____ Dataset extract
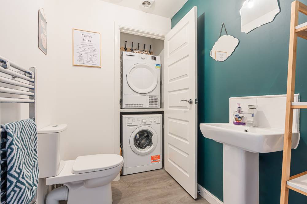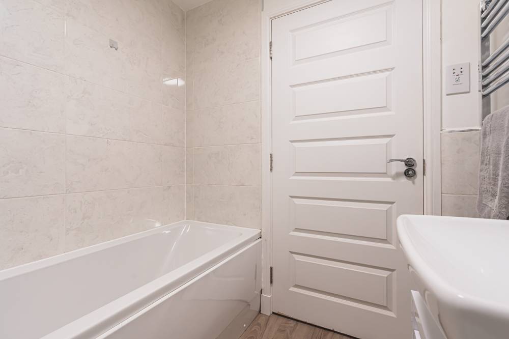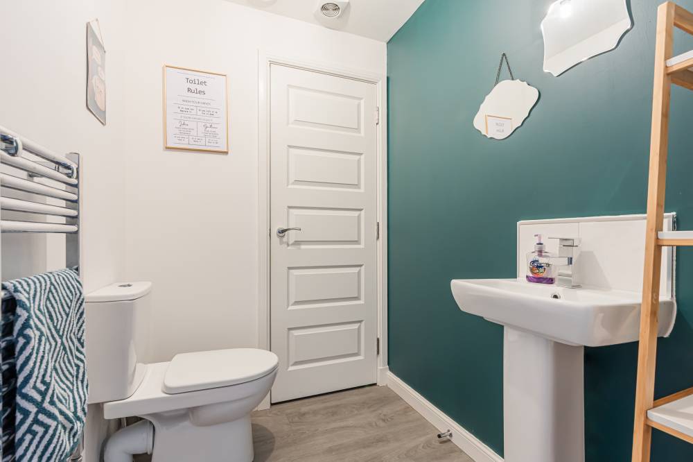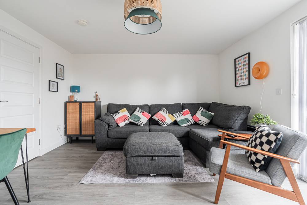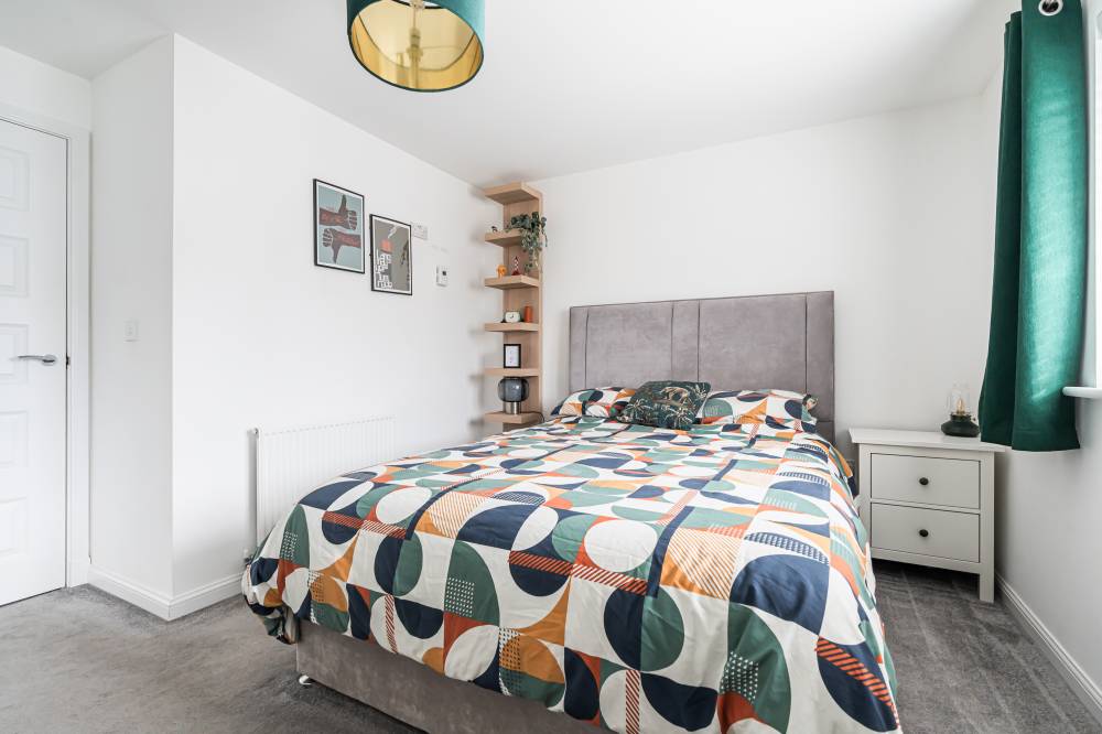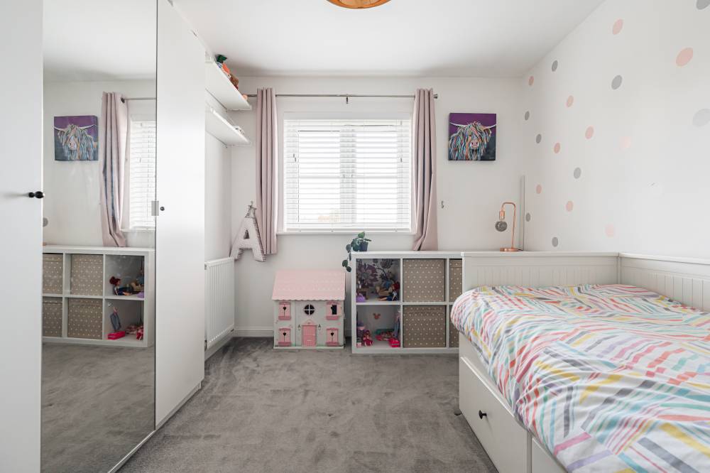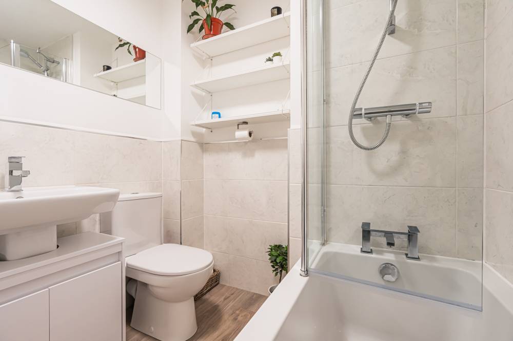 The property opens into a welcoming entrance hallway with staircase leading to the upper level and a convenient WC. The kitchen is fitted with a modern selection of stylish wall and base units, complemented by contrasting worktops and integrated appliances, offering a practical and attractive space for daily living. To the rear, the reception room is bright and spacious, featuring patio doors that open directly onto the fully enclosed rear garden, creating a seamless indoor-outdoor flow ideal for family life and entertaining. Upstairs, the principal bedroom benefits from good built-in storage, while the second bedroom is a generous double. A further single bedroom provides flexibility for a nursery, home office, or guest accommodation. The contemporary family bathroom has been fitted with a three-piece white suite, including a bath with over-bath shower and glass splash screen, combining functionality with modern design.
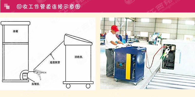 利用壓縮機(jī)將制冷系統(tǒng)的制冷劑回收到設(shè)備內(nèi)過濾、干燥、分離潤滑油,壓縮成氣態(tài)制冷劑,進(jìn)入冷凝器冷卻成液態(tài),儲存到工作罐中,等待重新利用。這樣既保護(hù)了環(huán)境,又增加了經(jīng)濟(jì)效益。
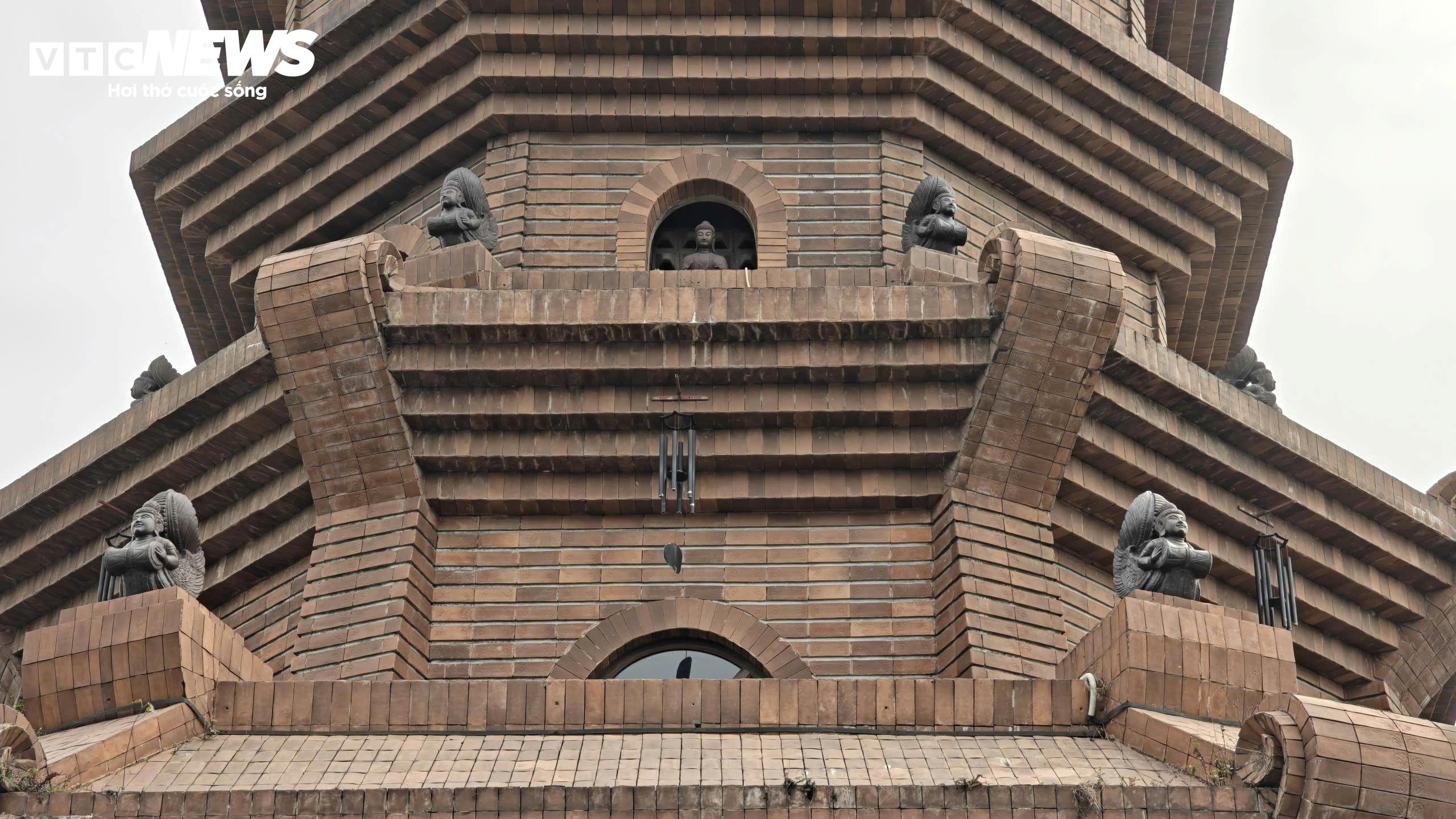 Mỗi tầng tháp có 8 mặt, chính giữa mỗi mặt có trổ ô cửa vòm. Trong mỗi ô cửa bài trí một tượng Phật, tạo hình giống với tượng Phật cổ được phát hiện ở tòa bảo tháp xưa.
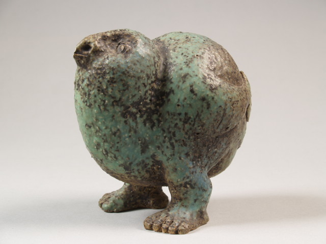Beeld van een vogelfiguur met menselijke voeten en handen.
________
**What is required**
Output the material above exactly, without pictures.

**Answer below**
 The property opens into a welcoming entrance hallway with staircase leading to the upper level and a convenient WC. The kitchen is fitted with a modern selection of stylish wall and base units, complemented by contrasting worktops and integrated appliances, offering a practical and attractive space for daily living. To the rear, the reception room is bright and spacious, featuring patio doors that open directly onto the fully enclosed rear garden, creating a seamless indoor-outdoor flow ideal for family life and entertaining. Upstairs, the principal bedroom benefits from good built-in storage, while the second bedroom is a generous double. A further single bedroom provides flexibility for a nursery, home office, or guest accommodation. The contemporary family bathroom has been fitted with a three-piece white suite, including a bath with over-bath shower and glass splash screen, combining functionality with modern design.
 利用壓縮機(jī)將制冷系統(tǒng)的制冷劑回收到設(shè)備內(nèi)過濾、干燥、分離潤滑油,壓縮成氣態(tài)制冷劑,進(jìn)入冷凝器冷卻成液態(tài),儲存到工作罐中,等待重新利用。這樣既保護(hù)了環(huán)境,又增加了經(jīng)濟(jì)效益。
 Mỗi tầng tháp có 8 mặt, chính giữa mỗi mặt có trổ ô cửa vòm. Trong mỗi ô cửa bài trí một tượng Phật, tạo hình giống với tượng Phật cổ được phát hiện ở tòa bảo tháp xưa.
Beeld van een vogelfiguur met menselijke voeten en handen.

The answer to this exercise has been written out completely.